Не успела я вернуться в свою каюту, как по браслету-коммуникатору прозвучал сигнал к завтраку.
Джаспер тут же подпрыгнул и оказался за дверью раньше меня. Я безрадостно поплелась следом. Попутчик же мой болтал без умолку. Через минуту я уже была посвящена в тайны его родословной и знала всех его бесчисленных родственников по именам. Джаспер был восьмым ребенком в семье, самым младшим.
— Думаешь, легко прокормить такую ораву, — доверительно сообщил он мне. — Я вот и решил матери хоть как-то помочь. А что, деньги неплохие.
— И не боишься?
— Ерунда! — отмахнулся он. — Жить вообще вредно, от этого умирают.
Мне осталось только удивляться его бесконечной жизнерадостности.
Общая столовая находилась на палубе А. Все потихоньку начинали стекаться в этом направлении. С ориентацией в пространстве у меня было туго, поэтому я неотступно следовала за Джаспером, у которого с ориентацией, похоже, все было в порядке.
Мы поднялись на лифте, перешли через несколько коридоров и по длинному переходу вышли прямо к столовой.
Столы были накрыты, и почти все места были заняты. Здесь не было строгого разделения по рангам, офицеры сидели вперемежку с технарями и с работягами вроде меня, из обслуживающего персонала.
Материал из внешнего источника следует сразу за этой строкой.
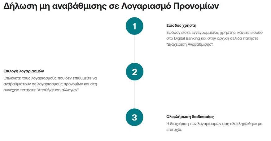 «Για την αναβάθμιση στον Λογαριασμό Προνομίων δεν απαιτείται κάποια ενέργεια από εσάς καθώς στις 23/05/2025 οι λογαριασμοί απλό Ταμιευτήριο / απλός Τρεχούμενος στους οποίους είστε δικαιούχος θα μετατραπούν αυτόματα στον νέο Λογαριασμό Προνομίων, διατηρώντας τον ίδιο αριθμό λογαριασμού».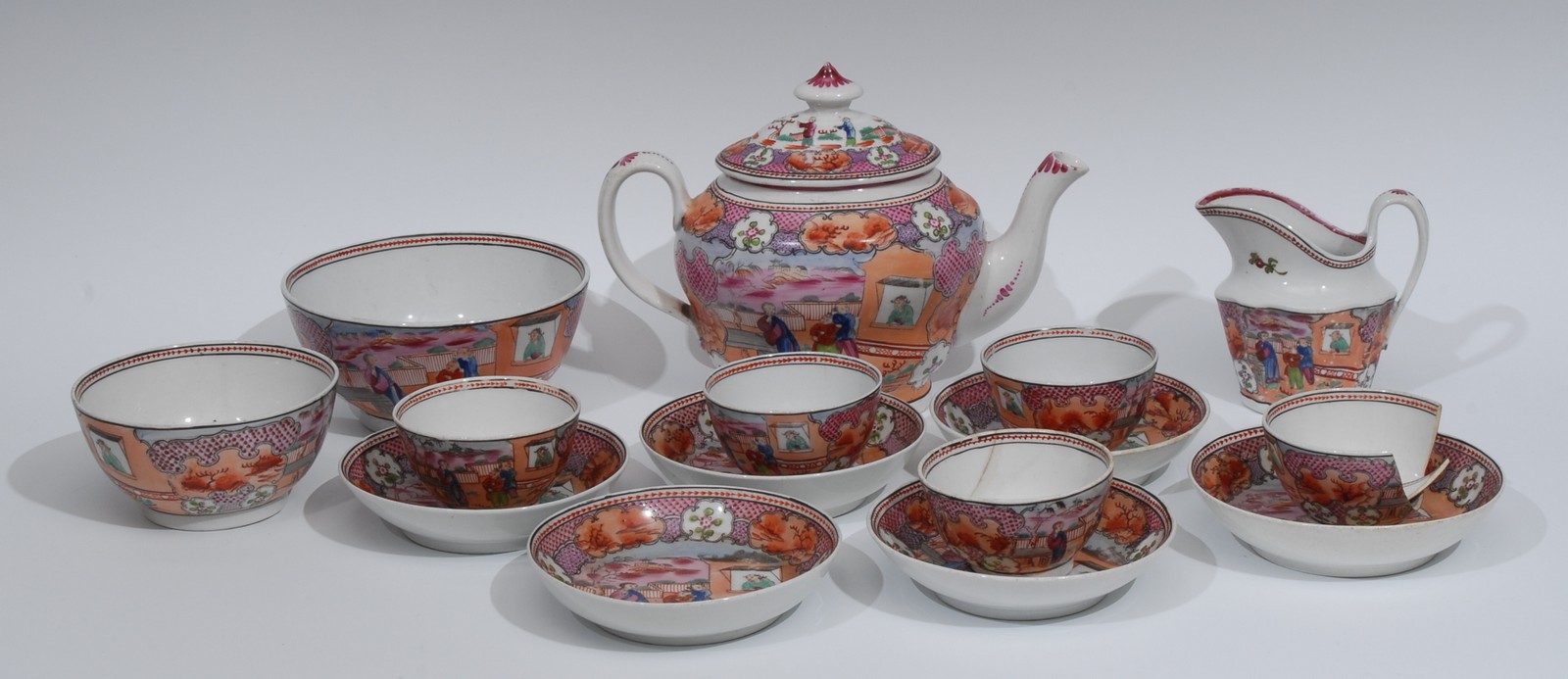 A Newhall Mandarin pattern teapot, milk jug, sugar, slop bowl, six tea bowls and saucers, printed and painted with colours, with figures and landscapes

Мы нашли себе два местечка с краю и быстренько сели. Все противоположную стену и потолок занимал огромный экран, сбоку стояла небольшая трибуна, я поняла, что столовая служила еще и залом собраний. Сейчас на экран транслировался вид на Космополис сверху, я разглядела серебристую стрелу «Экспрессии», а экран над головой демонстрировал чистое летнее небо.
Пока я любовалась видом, все почему-то принялись подниматься со своих мест и замерли стоя, глядя в сторону трибуны. Я тоже посмотрела, и сердце ушло в пятки.
На трибуну поднимался хорошо известный мне Юлиус Шеман в парадной форме, в сопровождении адъюнкта-лейтенанта. Очевидно, он хотел сказать напутственную речь. Как бы мне хотелось стать невидимкой! Я вжала голову в плечи и постаралась спрятаться за спину соседа. Конечно, нас разделяло приличное расстояние. «Вряд ли он обратит на меня внимание», — успокаивала я себя. Да что там, перед смертью, как говорится, не надышишься, может и лучше, если он увидит меня сейчас.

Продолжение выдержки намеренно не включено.